Data science has long been essential, driving ongoing efforts to create agents capable of tackling complex tasks autonomously. While many such agents exist, they are often limited in scope, needing end-to-end automation or falling short in performance. In this talk, we'll explore Agent K, a new, fully autonomous agent that achieves both complete end-to-end automation and high-level performance. We created a benchmark based on real Kaggle competitions to evaluate its capabilities. Agent K achieved a 92.5% automation success rate in testing, verified through unit tests, and demonstrated its ability to handle multimodal tasks across diverse domains. Agent K consistently ranked in the top 38% among human competitors in these same competitions. Additionally, Agent K earned two bronze medals in featured competitions, making it an (unofficial) Kaggle expert. Furthermore, results comparable to achieving six gold, three silver, and seven bronze medals across all competition types-an unofficial skill set similar to Grandmaster-level medal performance.

Unlocking RL Potential: The Power of Generative Models in Complex Environments

15:20-16:00

Zhongwen Xu

About the Presenter

Dr. Zhongwen Xu is a Principal Scientist at Tencent, where his research focuses on deep reinforcement learning and generative models. He earned his Ph.D. from the University of Technology Sydney under the supervision of Prof. Yi Yang. He received his Bachelor's degree from Zhejiang University in 2013, where he was advised by Prof. Yueting Zhuang and Prof. Fei Wu. Before joining Tencent, Dr.
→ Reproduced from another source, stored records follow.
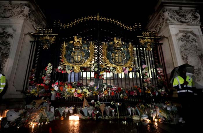 这是9月8日在英国伦敦的白金汉宫外拍摄的鲜花和蜡烛。 新华社记者李颖 摄
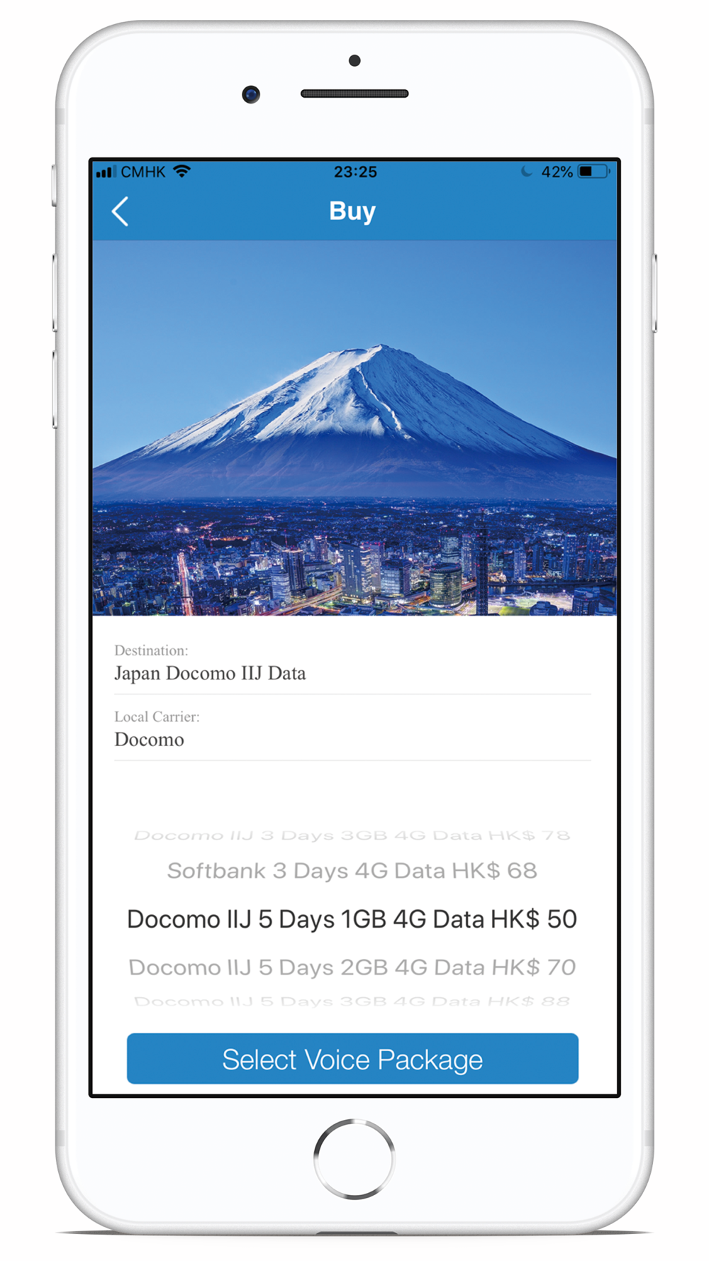 2.  Simply select your destination, trip period and desired data usage in AIRSIM ROAM App before your every trip, you can enjoy the data service immediately upon arrival.  All AIRSIM data packages can be activated instantly upon purchase.
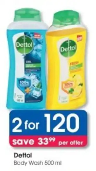 The price of Dettol Body Wash can be found at the top of the page, together with the dates during which the special is available. You can also check the price in the current Clicks catalogue or on the Clicks website. Promotional offers assure you of buying Clicks products at the lowest price.

Xu served as a Principal Scientist at Sea AI Lab, an Adjunct Assistant Professor at the National University of Singapore, and a Senior Research Scientist at DeepMind.

Abstract

This talk explores how generative models, including large language models (LLMs) and video generation models, are transforming reinforcement learning (RL) in complex 3D game environments. We focus on two key advancements: First, we demonstrate how learned world simulator models, derived from environment dynamics, significantly reduce the data needed to train effective RL agents and facilitate generalization on unseen environments. Second, we introduce a novel LLM-driven approach that streamlines the development process, enabling the creation of agents capable of playing thousands of 3D games with unprecedented efficiency.

Improve Multi-step Reasoning for LLMs with Deliberate Planning

16:00-16:40

Chaojie Wang

About the Presenter

Dr. Chaojie Wang is currently working as Research Scientist in Skywork AI 2050, which focuses on accelerating the pace of realization of Artificial General Intelligence (AGI). Before that, Chaojie obtained Ph.d degree from Xidian University in 2021 and worked as Research Fellow in Nanyang Technological University until 2023. Chaojie has published more than 30 papers in top AI conference and journals, such as T-PAMI, NeurIPS, ICML etc, leading a research team of nearly 10 members focusing on generative models, large language models (LLM), and reinforcement learning from human feedback (RLHF) technologies. In 2021, as the first contributor, Chaojie won the championship of the L2RPN-2021 international competition, and is currently focused on the development and implementation of the Skywork’s supper app.

Abstract

Large Language Models (LLMs) trained on vast corpora of text data have demonstrated an impressive capability across various natural language tasks. However, the auto-regressive generation process makes LLMs prone to produce errors, hallucinations and inconsistent statements when performing multi-step reasoning, especially for solving mathematical problems and code generation. In this talk, we will focus on sharing our practical experiences in enhancing the multi-step reasoning capabilities of Skywork-o1 through cutting-edge alignment techniques, specifically Reinforcement Learning from Human Feedback (RLHF) and tree-search-based planning methods. Additionally, we will also discuss the opportunities and challenges that may be encountered in the future.